I’m on holiday in Rome just after high school graduation. I join a tour organized by the youth hostel I’m staying at. After a long trek through the Eternal City, as we go back to the hostel, a boy not much older than me approaches our tour guide.

Boy: “Excuse me, but I want to know: are you Roman?”

Guide: “Well, not quite. I’m Sabinian, but I’ve lived in Rome for years.”

Boy: “Oh, I see. So, can you tell me where I can find the reservation?”

Guide: *Puzzled* “The reservation? What do you mean, exactly?”

Boy: “Y’know, the place where Romans live, and they all dress up in togas and have gladiatorial fights in. Those reservations.”

Guide: “I… I’m pretty sure there isn’t one.”

Boy: “So they demolished it when they banned traditional costumes last year?

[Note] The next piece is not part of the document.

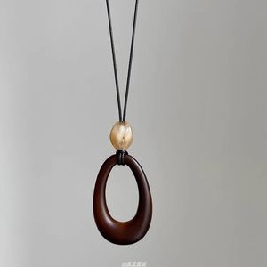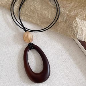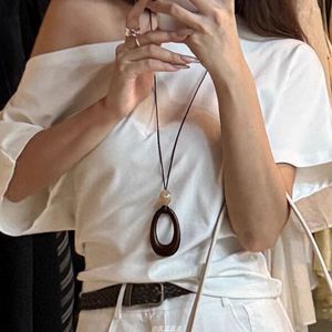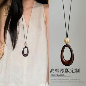 黑皮绳木质椭圆吊坠小众设计感项链女宽轻奢高级感锁骨链颈链配饰

That’s s***ty as h***. At least they’ve been protesting about it pretty well.”

Guide: “Wait, what? What are you talking about? There’s a law against people dressing up as centurions, but…”

Boy: “But what? Aren’t you proud of your heritage?”

Guide: “If I wasn’t, I wouldn’t work as a guide, but what does that have to do with anything?”

Boy: *Shaking his head* “Never mind, then.”

The guide shrugs and carries on as usual. When we all get back to the hotel, I approach the boy.

Me: “What were you trying to ask to [Guide]? I’m not sure I understood your train of thought.”

Boy: “I wanted to visit the Roman reservation, that’s all, but apparently Italians are too racist to treat the Romans any better.”

Me: “But Italians are descended from the Romans; how’s that even possible?”

Boy: “Explain yesterday’s protest, then.”

He then went on ranting about racism and cultural appropriation. I tried to look up the protest he was talking about, but, as it turned out, it was the 21st of April, which is Rome’s birthday, and has a parade of Roman-era reenactors going down the streets around the Colosseum. But I still don’t understand how he could even think Romans were still existing as a separate population!